Começaram a correr. Dali a um minuto alcançaram o colono alto. Estava muito menos esfarrapado e relaxado do que imaginavam. Cliff e Hasso puxaram para trás os braços do homem, que se sentiu tomado de surpresa. Atan aplicou-lhe uma gravata. No mesmo instante Helga levantou a manga de sua roupa, encostou a seringa e apertou o acionador. Ouviu-se um chiado forte e ligeiro.
O medicamento penetrou-lhe na corrente sangüínea, foi direto ao cérebro e dentro de trinta segundos tranqüilizou as células que se debatiam furiosamente. Os olhos voltaram ao normal. A pressão das mãos dos astronautas tornou-se menos intensa.
— Diabo, o que é isso? — perguntou o homem perplexo.
— É a tripulação da nave espacial Orion — disse Atan, soltando o pescoço do homem. O rosto descontraiu-se de forma quase imperceptível, e seu ânimo de defesa desapareceu.
— O que desejam?
— Uma informação — disse Cliff em tom seco. — Percebe que ficou imune às alucinações?
Por alguns segundos, o homem contemplou a praça e as pessoas que passavam correndo sem dar a menor atenção ao grupo. De repente pareceu lembrar-se de toda a série de eventos. Seu rosto ficou vermelho e passou ao pálido. Sua voz tremia de raiva quando exclamou:
— Essa coisa maldita. Todo mundo enlouqueceu. O que está acontecendo por aqui?
Cliff explicou em três ou quatro frases.
— O que desejam de mim? — perguntou o homem, respirando com dificuldade. — Naturalmente ajudarei no que puder.
— Isso é muito gentil de sua parte — disse Helga Legrelle. — Onde mora Uurth?
— O profeta?
— Isso mesmo. Precisamos fazer uma visita à sua residência — explicou Hasso. — Dizem que lá existe alguma coisa de que precisamos.
O colono soltou uma cuspidela e disse em tom de desprezo:
— Que residência que nada! É um chiqueiro. Vi no videofone, durante uma entrevista. Eu os levo para lá; fica a duzentos metros daqui. Venham comigo.
Girou sobre os calcanhares e saiu andando. Atan e Helga muito mal conseguiram acompanhar-lhe os enormes passos. O personagem estranho atravessou a pracinha, atravessou uma rua e subiu por uma escada que dava para uma área destinada exclusivamente a pedestres. Numa grande plataforma de concreto viam-se as fachadas brancas de edifícios altos e estreitos. No terceiro andar de um dos edifícios, as vidraças estavam quebradas.
— Isso é uma manifestação de estima? — perguntou Cliff em tom sarcástico, apontando para a janela.
— 'Não. É como vive uma mente aberta para o mundo — gritou o colono. — Trouxeram as máscaras contra gases?
— Não, mas em compensação trouxemos uma dose elevada de coragem. Isso também serve de filtro — disse Hasso que correu diretamente para a porta de entrada, atirando-se contra a mesma; a porta estava trancada.

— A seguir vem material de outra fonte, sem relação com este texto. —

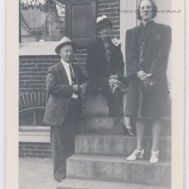 Update - 2009: Black & white print. Snapshot. Image of a man & two women posed on the steps of a brick building. Man is standing next to steps at left resting his left arm on the top step. He is wearing a dark suit, white shirt, patterned tie and hat. Woman at center is seated on top step. She is wearing a patterned dress, long dark coat with flower on left shoulder & dark hat with light flowers on top. Young woman is standing on the second step (from bottom); she is wearing a patterned dress, long dark coat & white shoes.
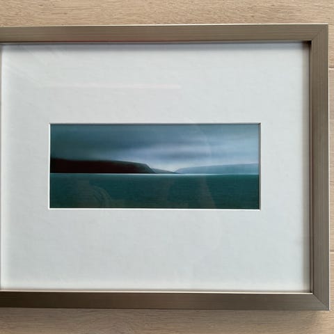 Terje Risberg Møte III kunsttrykk, nummer 15 av 35. Inkluderer signatur og nummerering. Innrammet med mørk ramme gjort av Krane galleri i Tromsø, se liten skrape på rammen. Kjøpt cq 2002, se mer info fra regjeringens kunstsamling.
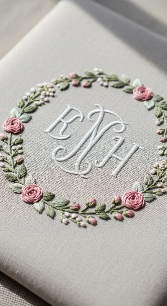 Monogram embroidery is one of the most practical pattern ideas because it works for gifts, keepsakes, home linens, and clothing details. A single stitched initial can look beautiful on a handkerchief, napkin, shirt cuff, tote bag, or baby gift. You can keep it very simple with clean lettering, or add a tiny floral stem, leaf wreath, or dotted border around the letter for a softer look. This type of design is ideal if you want a smaller project that still feels meaningful. It is also budget-friendly because you only need a small amount of thread and one main motif. A nice trick is to trace the letter lightly first and then stitch slowly rather than trying to freehand it on fabric. Block letters look modern and neat, while script initials feel more romantic. This style also works well for practicing line consistency because the shape is clear and focused. Personalized embroidery often feels more special than larger decorative patterns because it connects directly to a name or memory. It is a strong option for anyone who wants a DIY project that is simple, elegant, and easy to tailor for birthdays, weddings, or house gifts.
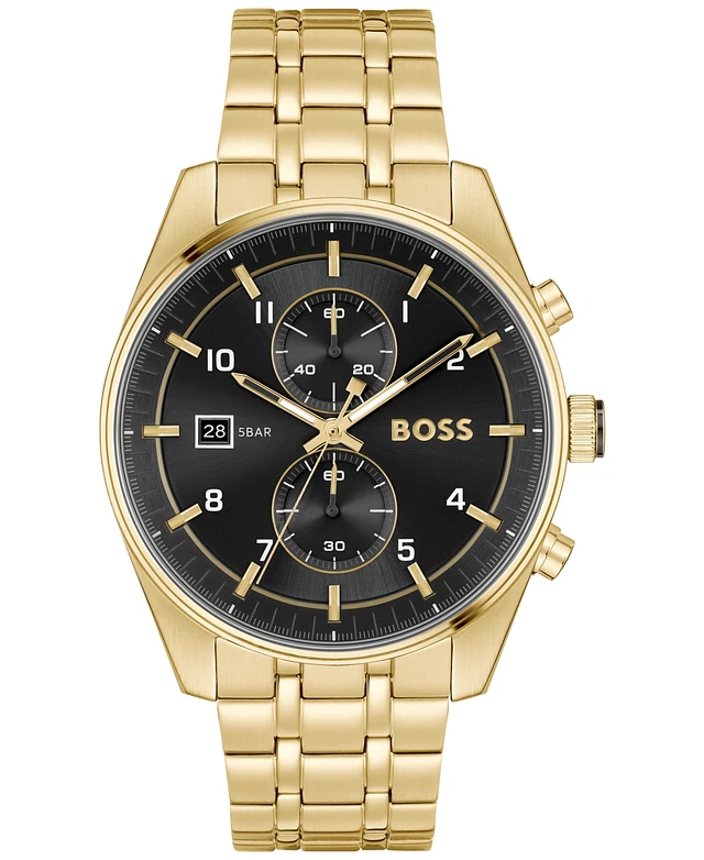 Hugo Boss Men's Skytraveller Quartz Fashion Chrono Ionic Plated Thin Gold-Tone Steel Watch 44mm
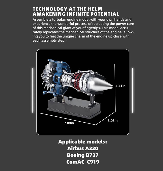Turbofanmotoren vormen de basis van moderne vliegtuigen en staan bekend om hun efficiënte combinatie van kracht en brandstofverbruik. Dit schaalmodel laat op een toegankelijke manier zien hoe alle onderdelen samenwerken, waardoor het niet alleen een boeiend bouwproject is, maar ook een waardevol en stijlvol leermiddel voor iedereen met interesse in luchtvaart en techniek.

Sigbjörnson puxou a HM-4. Ouviu-se um clique seguido do zumbido da arma energética. Um círculo chamejante cortou o metal em torno do mecanismo da fechadura. Hasso tomou impulso e deu um pontapé na fechadura. Ouviu-se um forte barulho e a porta abriu-se.
— O que estão procurando por aqui? — perguntou o homem que o medicamento acabara de libertar das alucinações.

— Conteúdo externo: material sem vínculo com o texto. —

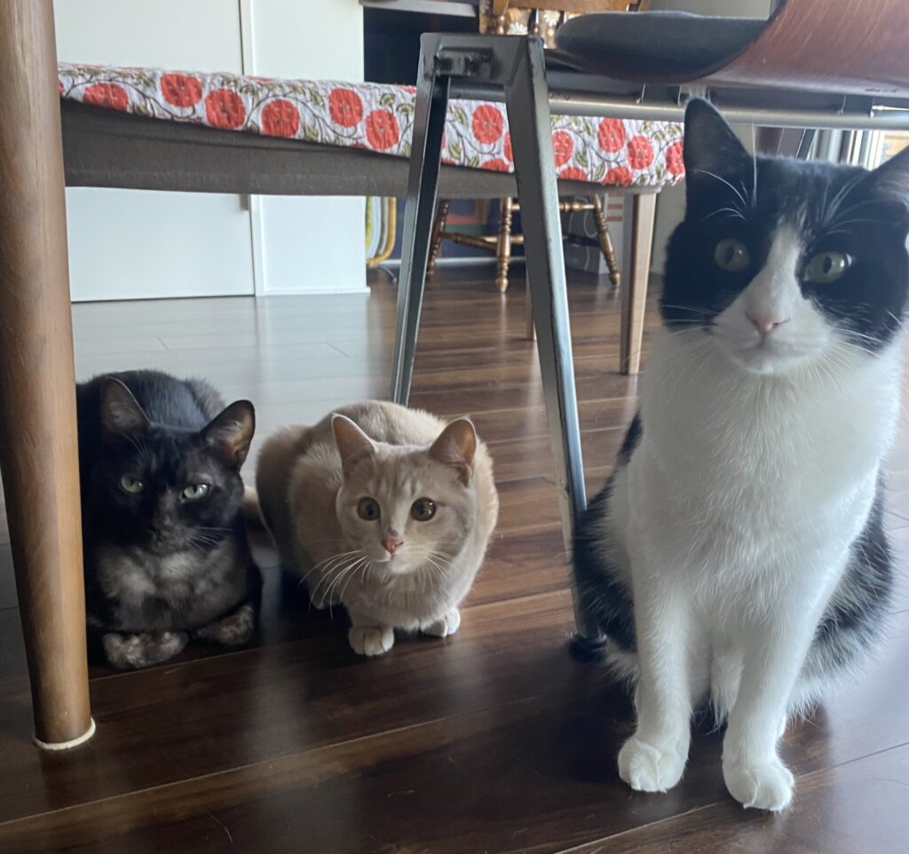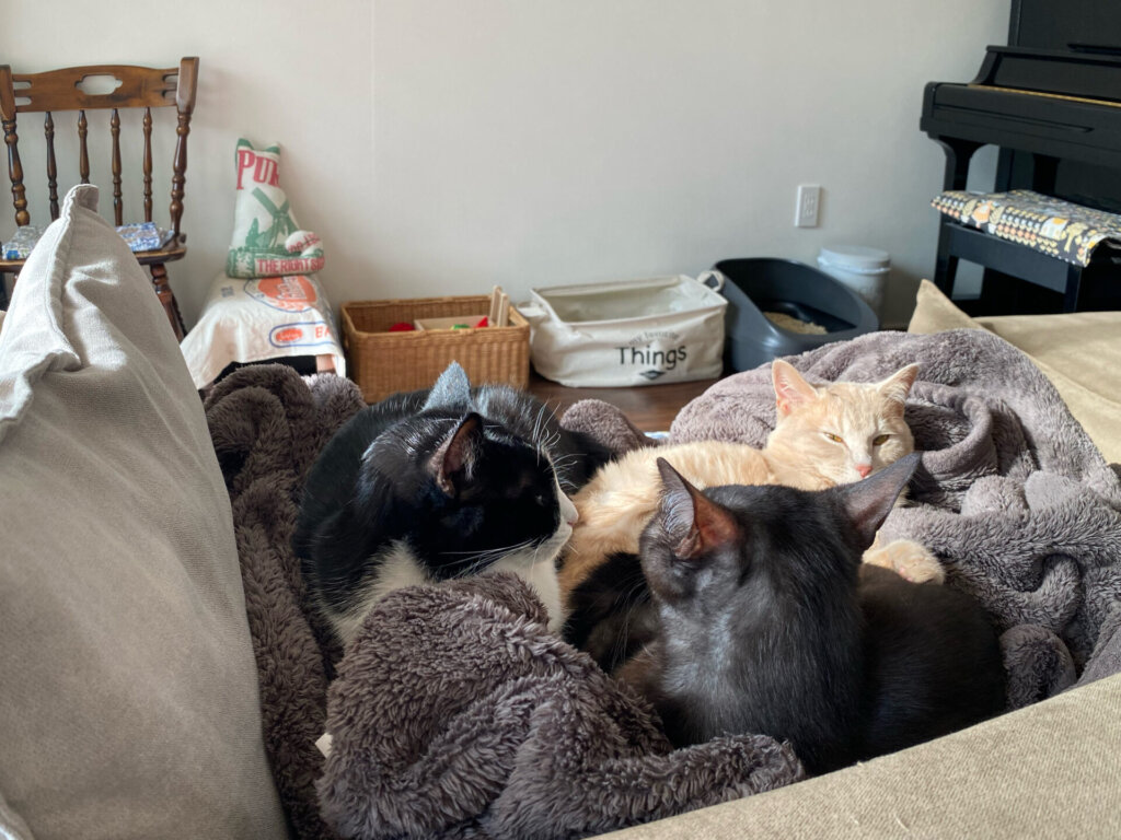 実は昨年末、三匹目の猫ちゃんをお迎えしました~。(手前の茶トラっぽい女の子です)
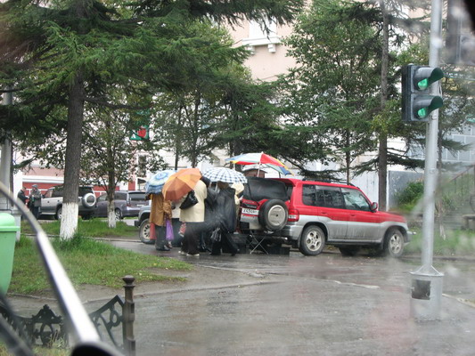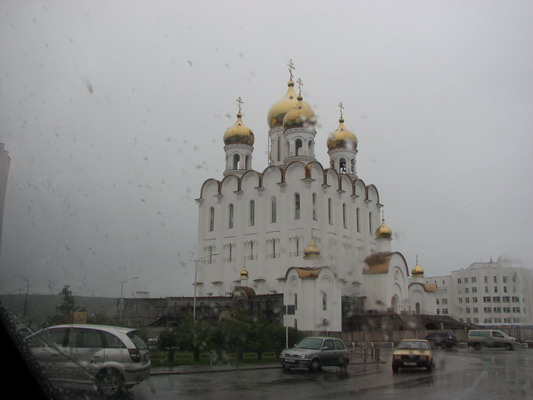 Магадан всем понравился. Это был очень опрятный город. Я право ожидал совсем другое. А думал встретить я на фоне сопок множество труб со шлейфом дыма, сплошные заборы с вышками и колючей проволокой, огромный порт, множество ржавых кранов, брошенные на слом сухогрузы и средних размеров и баржи «колымских лет», пустыри и помойки, барачную систему застройки селитебной зоны, лавину туч, пронизывающий и всепроникающий ветер. Разумеется, тучи, сопки и ветер были. Кроме того моросил дождь. Ездили в порт. Географические особенности не позволяли обозревать его панорамно. Краны и несколько кораблей мы видели. Дальше дорога упиралась в массивные ворота, и что там за мысом сопки, было уже не видать. На улицах не было мусора, оживленно сновали японские прули, батоны были, но не в подавляющем, как в Якутии, количестве. В основном своем большинстве дома были представлены панельными пятиэтажками, но без зияющих проемов выбитых окон и прочих признаков брошенного жилья (съездите в Воркуту, там увидите). Был, естественно, и необходимый перечень оплота советской эпохи: названия улиц, памятник Ленину и пр. Но не увидел я ожидаемого запустения, развала, разрухи и вымирания. Магадан выглядел вполне живым (никак не похож на своего полярного собрата Воркуту). Попался на глаза парк с аттракционами. Даже здесь пробуют построить что-то особенное «Эйфелева Башня», «Храм Христа Спасителя». Перечисленные объекты очень похожи, но только на полпорядка меньше оригинальных версий.
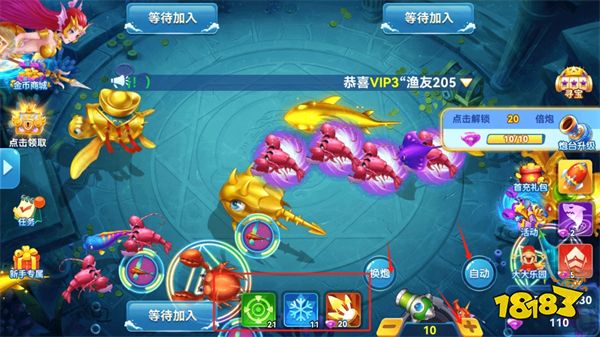 5、在游戏内可以开启自动模式还没换炮,加大倍数更有多种道具帮助你更好的捕捉到大鱼。
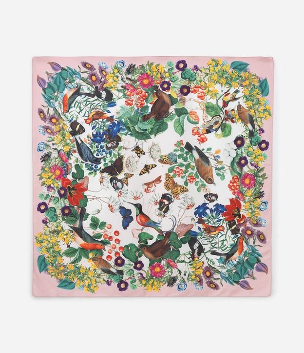 Lenço acetinado, com formato quadrado (90 x 90 cm) e estampado de motivos botânicos e aves.
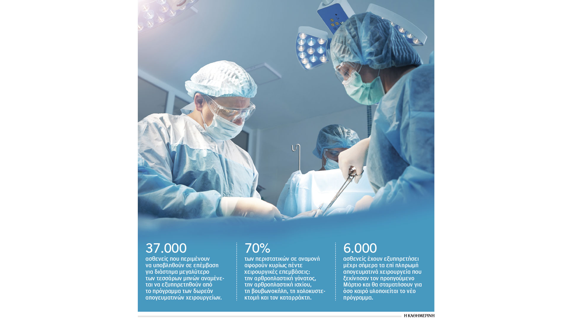 Με στόχο να βελτιωθούν οι χρόνοι αναμονής για χειρουργικές επεμβάσεις στη χώρα μας ξεκινάει στις 28 Νοεμβρίου το πρόγραμμα των δωρεάν απογευματινών χειρουργείων. Από το πρόγραμμα, το οποίο χρηματοδοτείται με πόρους του Ταμείου Ανάκαμψης και Ανθεκτικότητας, εκτιμάται –όπως ανακοίνωσε από τη Βουλή ο πρωθυπουργός Κυριάκος Μητσοτάκης– ότι θα ωφεληθούν έως και 37.000 ασθενείς που περιμένουν να υποβληθούν σε χειρουργείο για διάστημα μεγαλύτερο των τεσσάρων μηνών.

— O senhor logo verá. Ao menos esperamos que veja — respondeu Hasso.
Subiram pelas rampas que haviam sido colocadas em vez de escadas ou elevadores. As portas estavam abertas. Também neste edifício ocorrera uma fuga precipitada. Só uma das portas, que ficava do lado esquerdo, estava fechada. Hasso abriu-a com um pontapé. Bateu contra a parede. Alguma coisa caiu, fazendo ruído. Entraram de armas em punho.
— Isso é formidável! — exclamou Cliff.
O quarto se assemelhava a uma caverna da era terrena do bronze. Estava vazio. As paredes que já foram brancas estavam cobertas de desenhos confusos traçados por Uurth com lápis de cera. Com muita fantasia, percebia-se que aquilo era uma reprodução dos acontecimentos sob o ângulo de uma mente doentia. Alguns colchões de espuma de plástico esfacelados estavam jogados pelo chão, e em vidros destinados a outras finalidades, viam-se algumas plantas e flores ressequidas. Um sapato estava jogado no centro do quarto e os raios do sol penetravam pela janela quebrada. E esses raios refletiam-se na máquina.
— Deve ser esta — disse Cliff e aproximou-se do objeto.
Em cima de uma velha caixa de plástico que devia ter servido ao transporte de mercadorias terranas, repousava uma esfera de cerca de setenta centímetros de diâmetro. Estava provida de área de apoio retangular e de uma série de antenas, que se estendiam para todos os lados que nem os espinhos de um ouriço-do-mar. Via-se uma fechadura pequena e, ao que parecia, bastante complicada. Estava embutida numa tampa, cujos contornos finíssimos se tornavam perceptíveis à luz do sol.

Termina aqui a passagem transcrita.